Фронт откатывался с Дона на Волгу, на Кубань и Ставрополье, к предгорьям Кавказа. В сальских хуторах и станицах, оккупированных врагом, было неспокойно. То тут, то там валились под откос товарные составы с зерном, взлетали на воздух цистерны с горючим. Вдалеке тревожные сполохи: горели хлеба на корню, сено в копнах.
На улицах, по заборам, на стенах домов, забелели комендантские приказы с распятым черным орлом. Немецкая жандармерия, каратели, полицаи с йог сбивались, кидались от взрыва к взрыву, от пожара к пожару. Кто они, поджигатели? На площадь силой сгонялись люди, спешно крепились к телеграфным столбам перекладины... Кто они, пожилые, угрюмые, с тяжелыми, грубыми руками. a больше — пухлогубые, угловатые мальчишки?
В южных степных областях партизанская борьба имела иные формы, нежели, скажем, в болотистых лесных дебрях Белоруссии, Смоленщины. На голой, как ладонь, местности партизанскую бригаду не развернешь. Какое там бригаду? Взвод укрыть негде. А борьба была; борьба массовая, народная. Народ не принял «нового порядка», навязываемого фашистами,
Партия, отступая, оставляла своих бойцов для подпольной работы; к ним примыкала молодежь, комсомольцы. Зеленая юность один на один выходила с жестоким беспощадным врагом. Ее пытали, расстреливали, вешали, топили, обливали на жестоком морозе водой, превращая в страшные ледяные памятники... Но эта юность даже смертью своей утверждала победу добра над злом.
Пятнадцатилетний Владимир Карпенко глядел на эти драматические события в упор, принимал в них участие. На закате солнца он скачет по степи, чтобы предупредить старшего товарища об опасности. Двадцать пять километров — едва не загнал лошадь. Но в хуторе уже немецкий комендант на легковой машине. Парень арестован. Первый допрос... Позже, декабрьской ночью, по этой же степной дороге за ним гналась стая волков; от волков ушел — угодил в лапы полиции. Его уже искали. Хуторской атаман отправил его следом Овчинниковым, старовером, в станицу — доставить в полицию две пароконные брички и верховую лошадь с седлом. Ни брички, ни лошадь по назначению не попали. В самые глаза уставилось дуло пистолета разъяренного гильфполицая... Спасла случайность.

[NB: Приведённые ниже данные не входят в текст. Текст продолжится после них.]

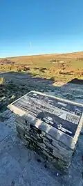A metal plaque shows the direction for Two Lads Cairn, Winter Hill TV mast, Smithills Moor, Brown Lowe, Scout Moor Wind Farm, Knowl Hill, Walker Fold Woods, Saddleworth Moor, Peak District, Kinder Scout, Manchester and Salford Quays. The image on the left shows Winter Hill and the TV mast along with Holdens Farm. On the plinth is a metal memorial plate which reads "In loving memory to Joan and Bartle Hodgkiss...". The plaque is on a continuing path along Burnt Edge Lane, 200m past Slack Hall and overlooking Burnt Edge at SD666124.
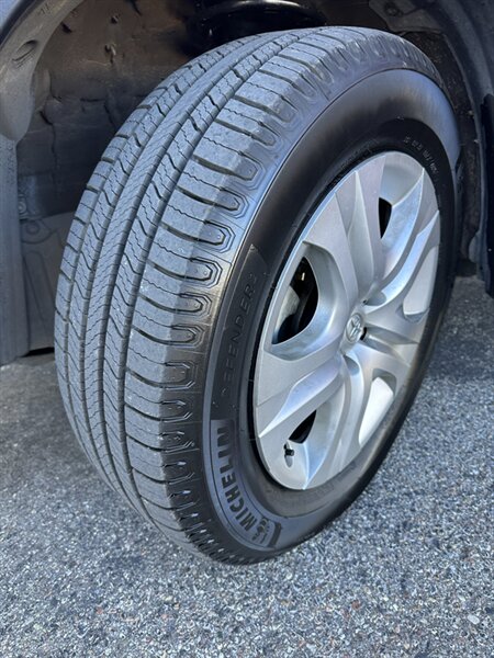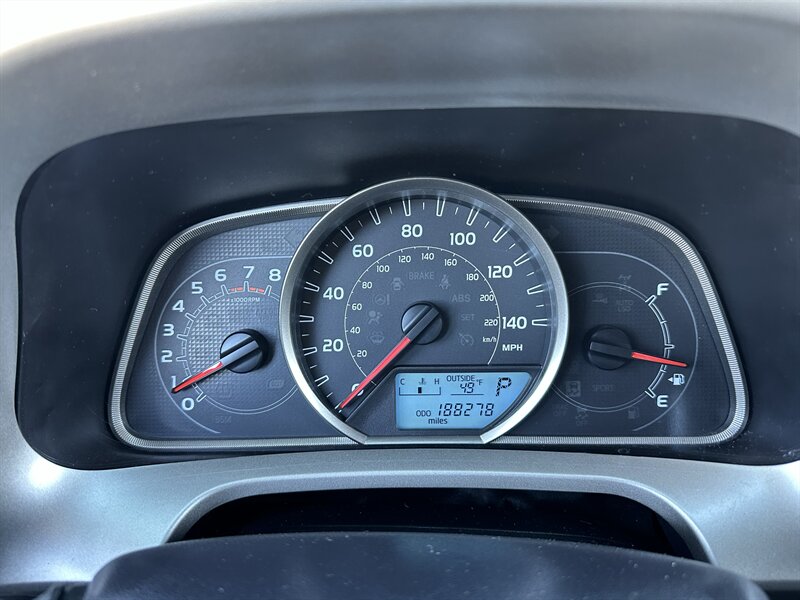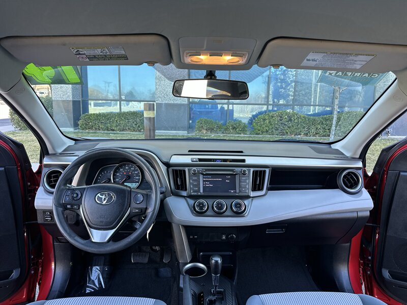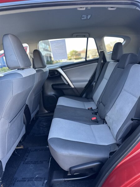Factory-standard features and equipment: - Engine & drivetrain: 2.5L inline-4 producing 176 hp and 172 ft·lb of torque, paired with Toyota’s smooth-shifting 6-speed automatic transmission for confident daily driving and highway cruising. - Comfort & convenience: Air conditioning with cabin air filter, height-adjustable driver’s seat, comfortable cloth seating in Black, full power accessories (power windows, power door locks, power mirrors), tilt/telescoping steering wheel, and cruise control for relaxed highway travel. - Interior flexibility & cargo: 60/40 split-folding rear seats that fold nearly flat to expand cargo space for gear, groceries, or weekend luggage; multiple cup holders and practical center-console storage. - Infotainment & connectivity: Factory audio system with AM/FM radio and CD player, Bluetooth hands-free calling and audio streaming, auxiliary input and USB/iPod connectivity, and steering-wheel-mounted audio controls for safer operation while driving. - Safety & driver aids: Standard anti-lock brakes (ABS), electronic stability control and traction control, full complement of airbags (front, front-seat side airbags, and side curtain airbags for front and rear), Tire Pressure Monitoring System (TPMS), and LATCH anchors for child seats. - Exterior features: Barcelona Red Metallic paint, factory 17-inch wheels (steel wheels with covers on the LE), power-operated mirrors, intermittent windshield wipers, and rear privacy glass. The RAV4’s higher seating position provides good visibility and a commanding driving position. - Practical details: Remote keyless entry, rear seat headrests, and durable interior materials designed for everyday use and easy upkeep.
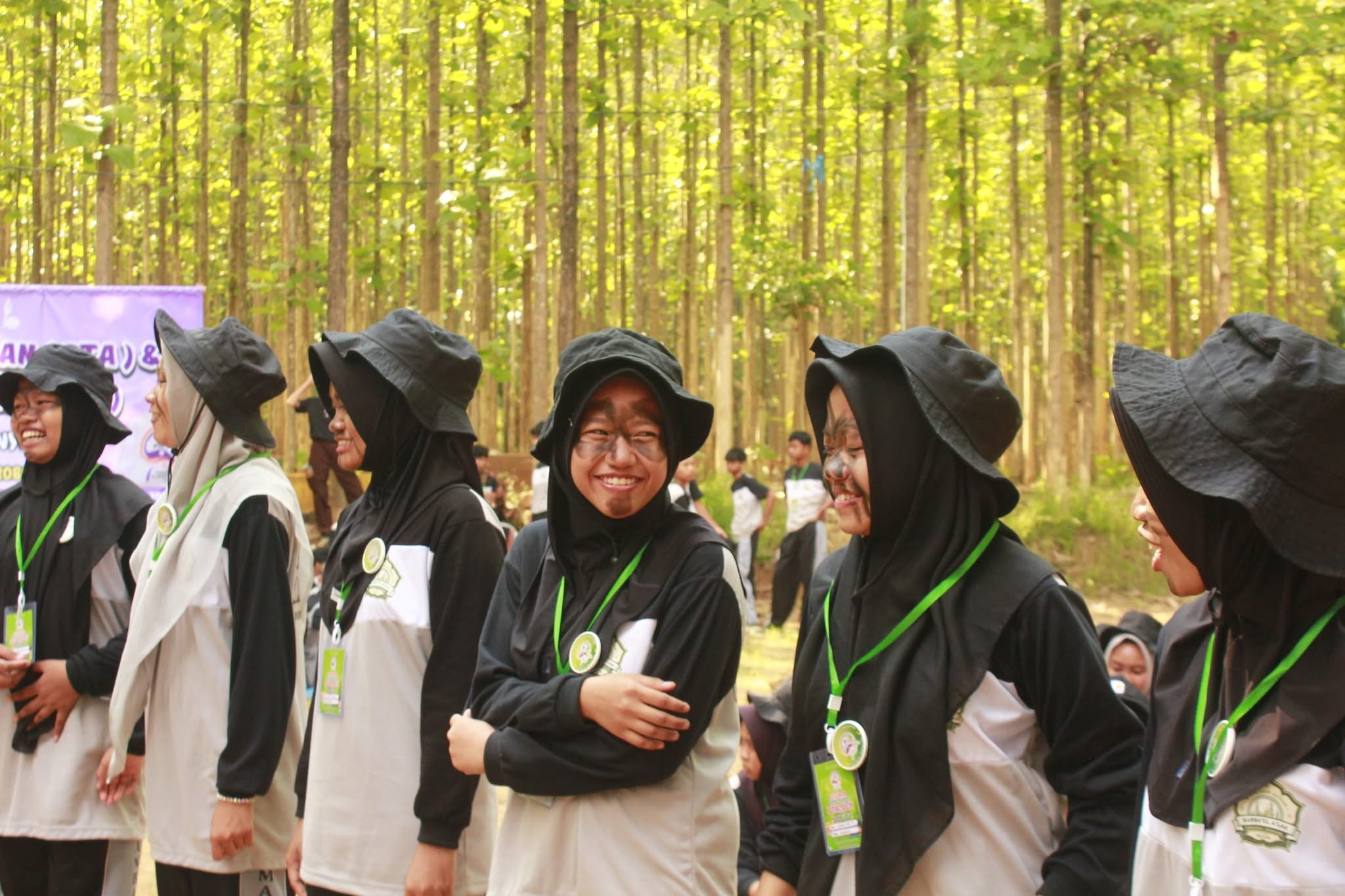 Dari pantauan di lokasi, para siswa yang mengenakan seragam lapangan lengkap dengan topi dan atribut lencana, tampak berbaris rapi di antara pepohonan jati. Seperti terlihat dalam gambar, raut wajah ceria dan penuh senyum terpancar dari para siswi, meskipun beberapa di antaranya memiliki noda lumpur di wajah, menandakan keseruan dan totalitas mereka dalam mengikuti rangkaian acara.
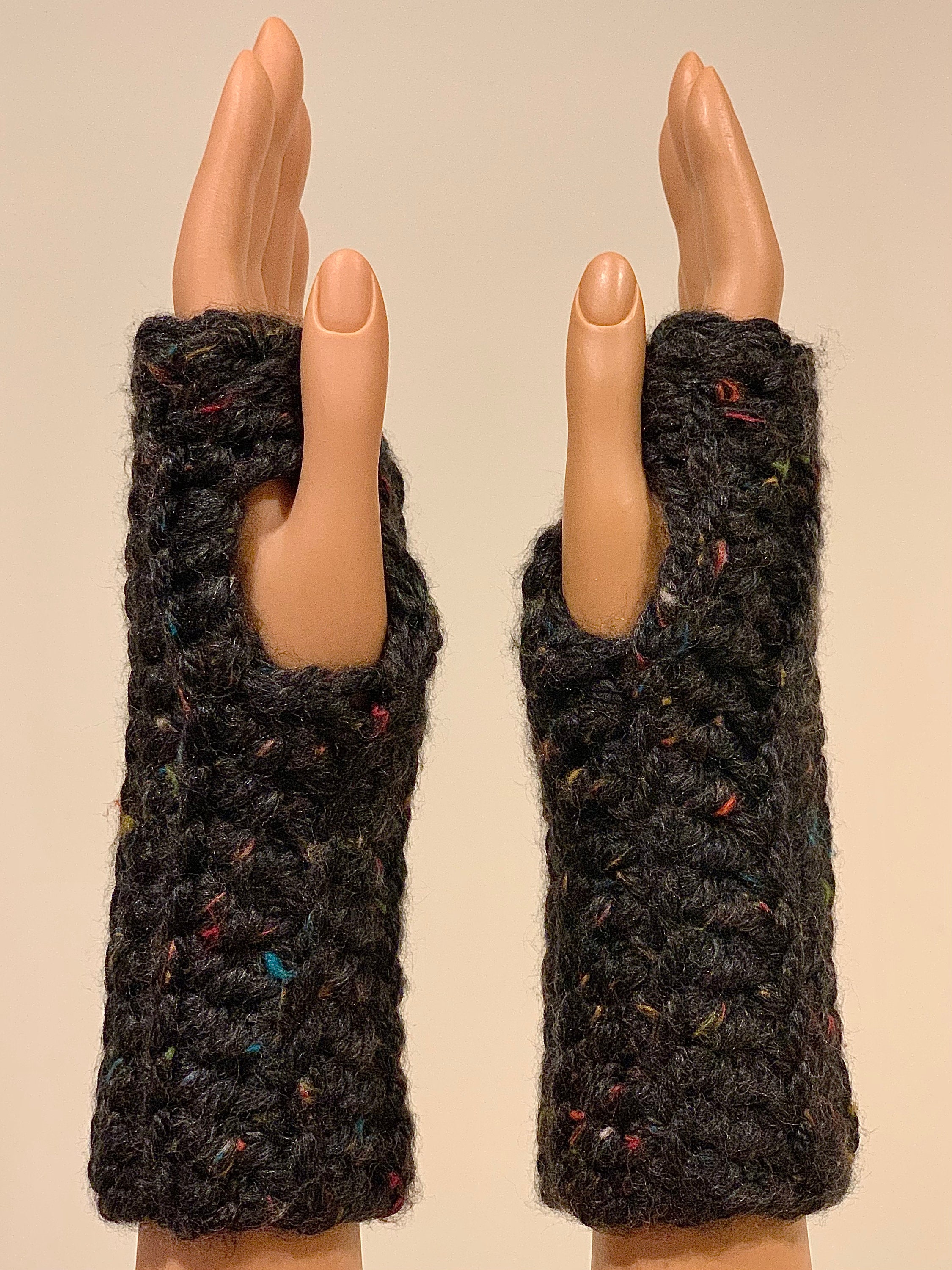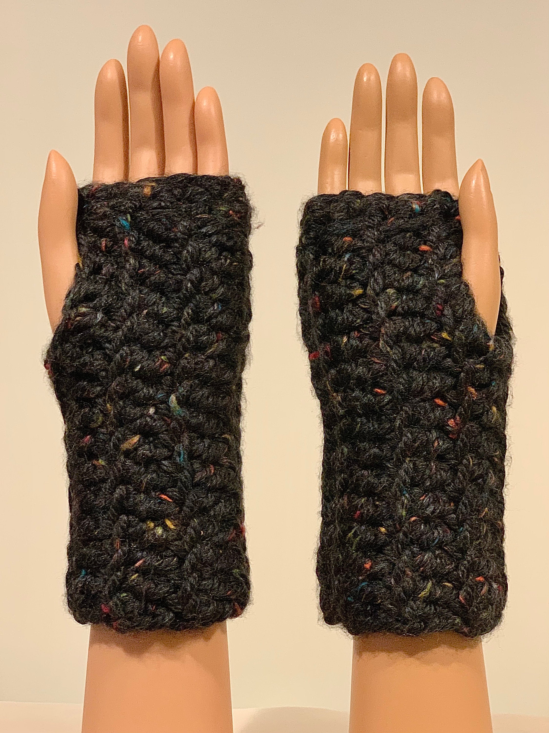 These fingerless mittens are suitable for both outdoor and indoor use. They are stylish and cozy, coordinating beautifully with my eternity scarves and other crocheted creations (hats, headbands, clip-on flowers, and more).
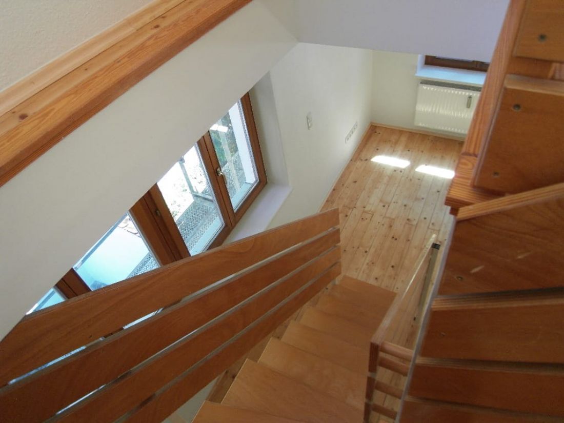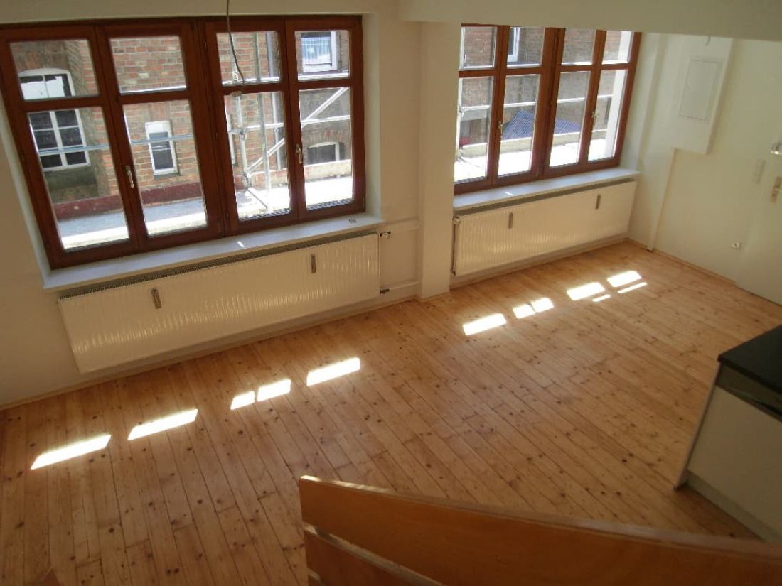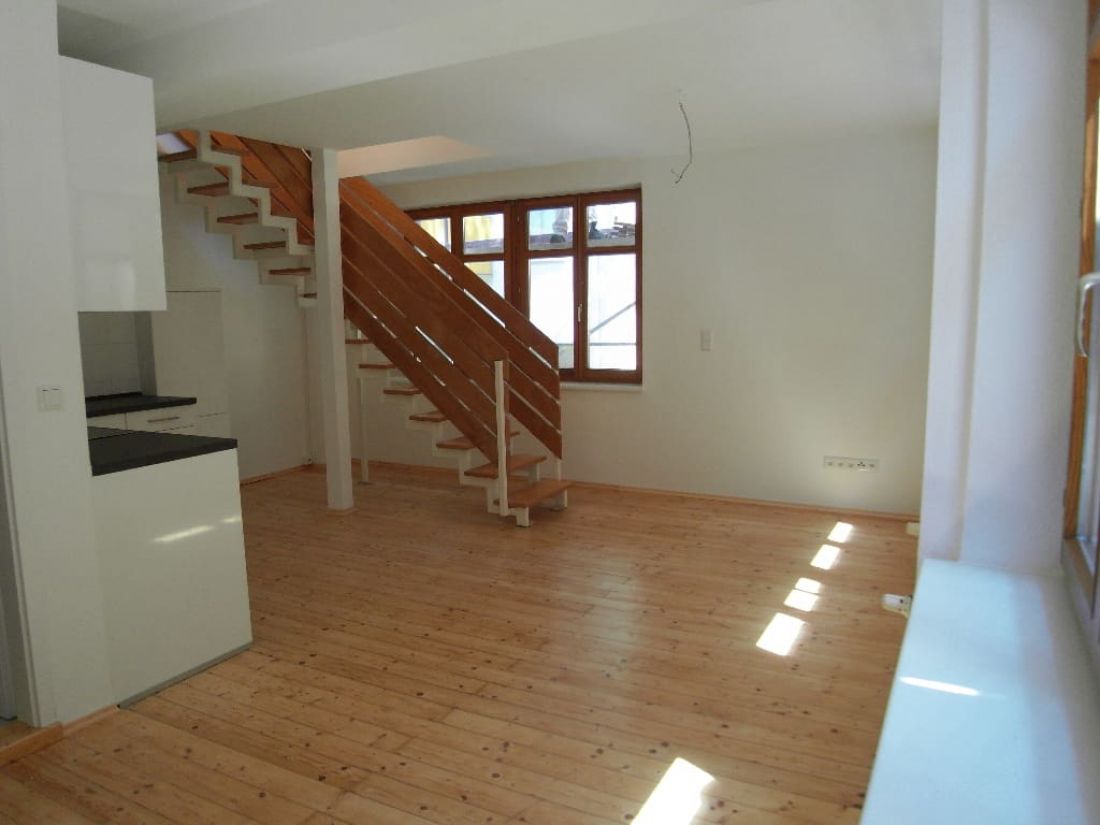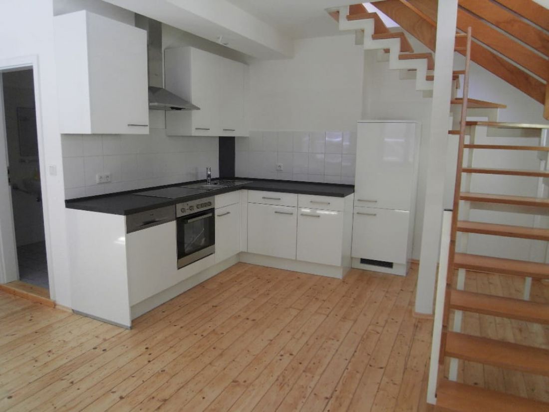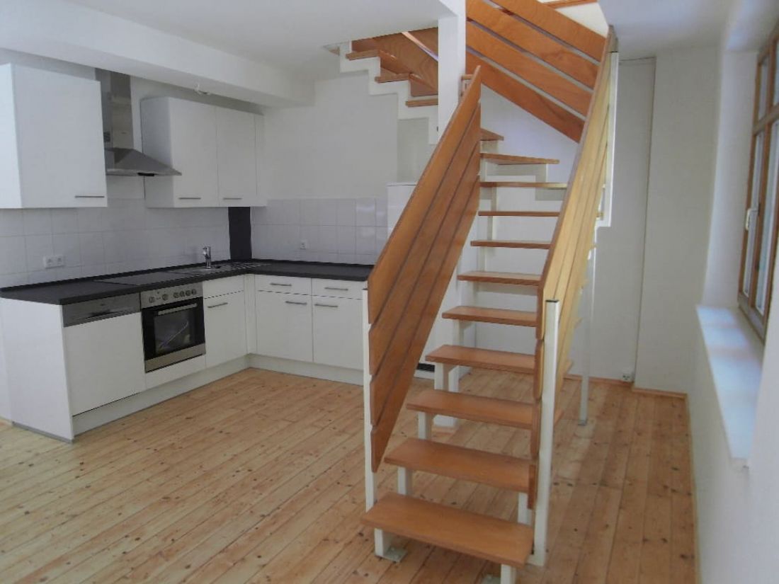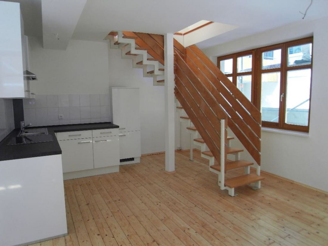 Die Einheit im Loftstil verfügt über einen offen gestalteten von Tageslicht verwöhnten Wohnbereich mit offener Küche - verbunden über eine Treppe mit dem darüber liegenden Studio.
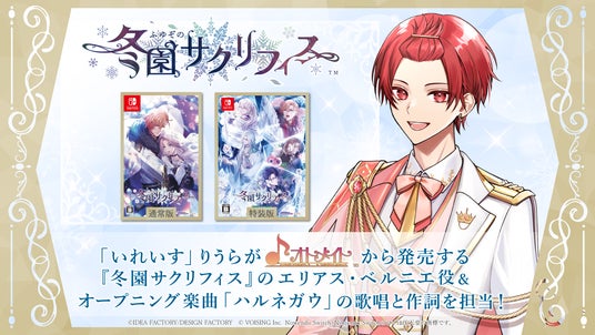 株式会社VOISING(本社:東京都港区、代表者:ないこ、以下、VOISING)所属の2.5次元アイドルグループ「いれいす」のメンバーであるりうらが「エリアス・ベルニエ」役を担当する、オトメイト新作ゲーム【「冬園サクリフィス」】が本日2025年2月27日(木)に発売開始したことをお知らせいたします。さらに、オープニング楽曲「ハルネガウ」はりうらが作詞を行い歌唱も担当しており、りうらが本作で披露する新たな一面に、ファンから注目が集まっています。
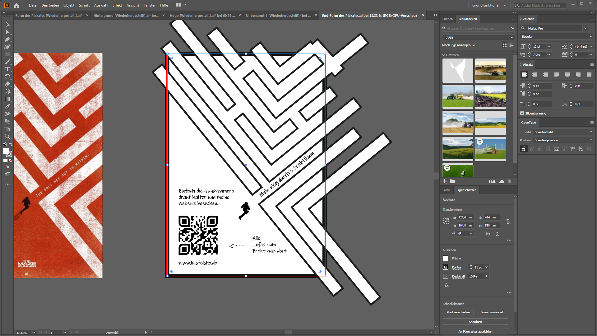 Der 1. Praktikumstag: Ich habe mit Hilfe eines Programmes (Adobe Illustrator) eine "Kreatur" mit Geometrischen Formen als Werkzeuge (Ich hab ihn Hugo getauft). Nach ein paar Test und Übungen mit dem Programm habe ich dann nach Ideen für das Aussehen meines Plakates gesucht und anschließend mein Plakat mit dem selben Programm designet und den Qr-Code eingesetzt.
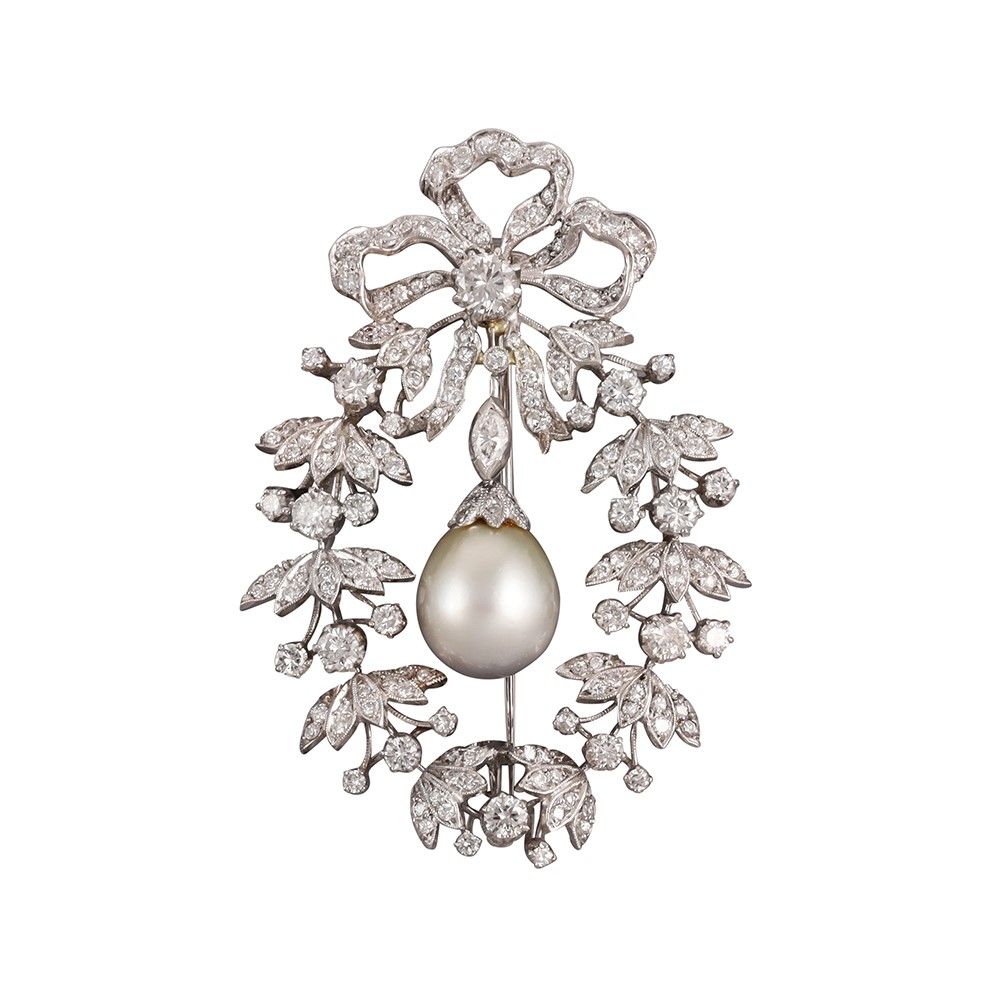 in platino, a ghirlanda sormontata da un motivo a fiocco, interamente ornata da brillanti, al centro della spilla è posta una perla coltivata pendente, gr. 22,5. Dimensioni 5,7 x 4 cm ca.
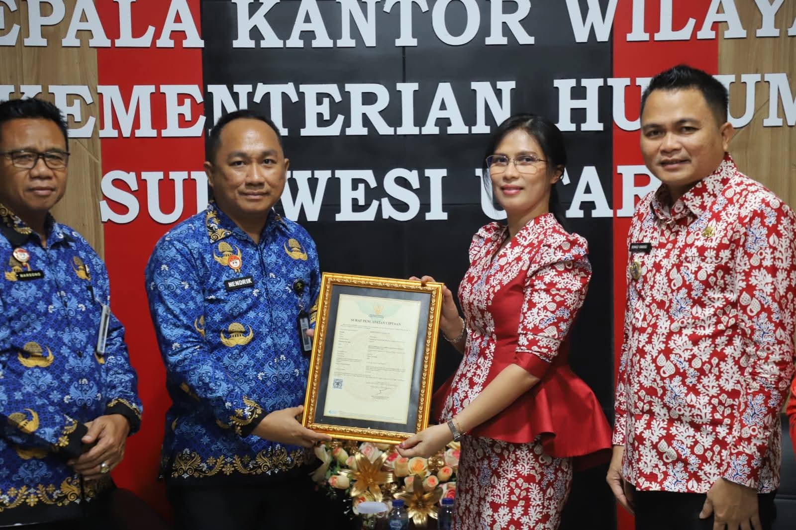 Momen penting dalam pertemuan adalah penyerahan Surat Pencatatan Ciptaan oleh Kepala Kantor Wilayah Kemenkumham Sulut, Hendrik Pagiling, SH, MH, kepada Bupati dan Ketua Dekranasda. Dua karya seni yang resmi mendapatkan perlindungan hukum adalah:
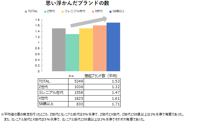 結果は以下の図の通り、Z世代やミレニアル世代よりもX世代や58歳以上の世代の方が、思い浮かぶブランドの平均件数が多い結果となりました。

Ждали своих. Гремит на востоке около Котельникова. Уже не надо прислонять на утренней заре ухо к земляному полу — слышно и так. Неожиданно поднялась стрельба за бугром, в обратной стороне, на западе. Хуторяне теряются в догадках: почему отсюда? Кто такие? Трое суток шел бой в соседнем хуторе Дениеовке.
Оказалось, свои. Моряки-дальневосточники. Полгода назад ах сняли с кораблей, переодели в защитное и привезли на Волгу, в Сталинград. В волжском горниле они обрели новое имя — 52-й Гвардейский Отдельный стрелковый полк. Прошло около месяца, как полк оторвался от железной дороги Сталинград—Сальск — главного направления наступления. Где-то от станции Котельниково моряки двинулись по бугристому правому берегу реки Сала к Дону, на Ростов. Под Большой Мартыновкой, в хуторе Рубашкин, перешли на левый низкий берег...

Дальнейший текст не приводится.